Mahatma Gandhi Road is the most important north–south road in Thiruvananthapuram City situated in the state of Kerala, India. The road starts from one of the most busiest centre in the state at East Fort and ends near to the LMS Church in the Museum Road. It is one of the main business streets in the city and the state and always carries heavy traffic. The road is of 6km in length and is maintained by the Thiruvananthapuram Corporation.

== Alignment ==

Its southern beginning point is at East fort in front of the famous Sree Padmanabhaswamy Temple and ends at LMS Junction, near Palayam in the north. From East Fort the road continues towards southwards to Thiruvallam Junction joining the National Highway 66.

== Landmarks ==

Many colonial era forts can be seen in and around East Fort like Vettimurichakotta, Kizhakkekotta etc. Its southern extreme constitute the main wholesale business district of Trivandrum, namely the Chalai Bazaar to the east of the road. It is also the most important trading centre in the city and the state from pre-independence period. To the west is the famous Sri Padmanabha Swamy Temple, inside the fort, the nucleus around which Trivandrum city evolved in the 18th-19th century. The major city bus stand known as the East Fort Bus Stand is also located here. There is also major parks like the Mahatma Gandhi Park, Putharikandam Maidanam are also located in East Fort. The second entry of Thiruvananthapuram Central Railway Station also opens, through the Power House Road, to MG Road at Pazhavangady, which is also famous for its Ganesha temple.

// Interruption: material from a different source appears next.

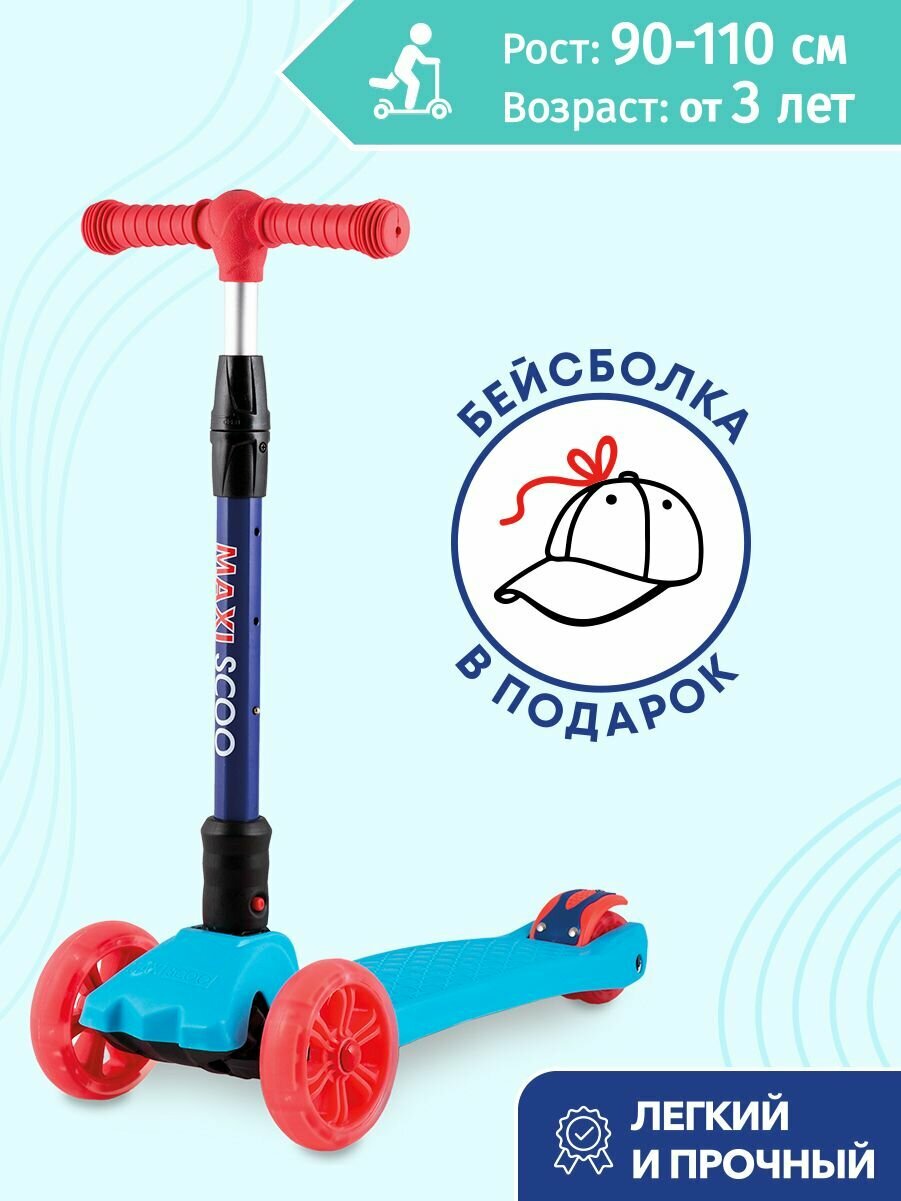 Самокат трехколесный складной Maxiscoo Junior Delux (2021) со Светящимися Колесами, Синий .

Other Important landmarks of the city like the Government Ayurveda College, Kerala Government Secretariat, housing various government offices, University College, Connemara Market, Martyrs Column, Chandrasekharan Nair Stadium, Kerala University Stadium, Fine Arts College, Central Library, second gate to Thiruvananthapuram Corporation are located along this road.

== Development works ==

North of Overbridge Junction, the road is in various stages of being widened to six lanes, a part of the Capital Road Improvement Project. The project was expected to complete in a year.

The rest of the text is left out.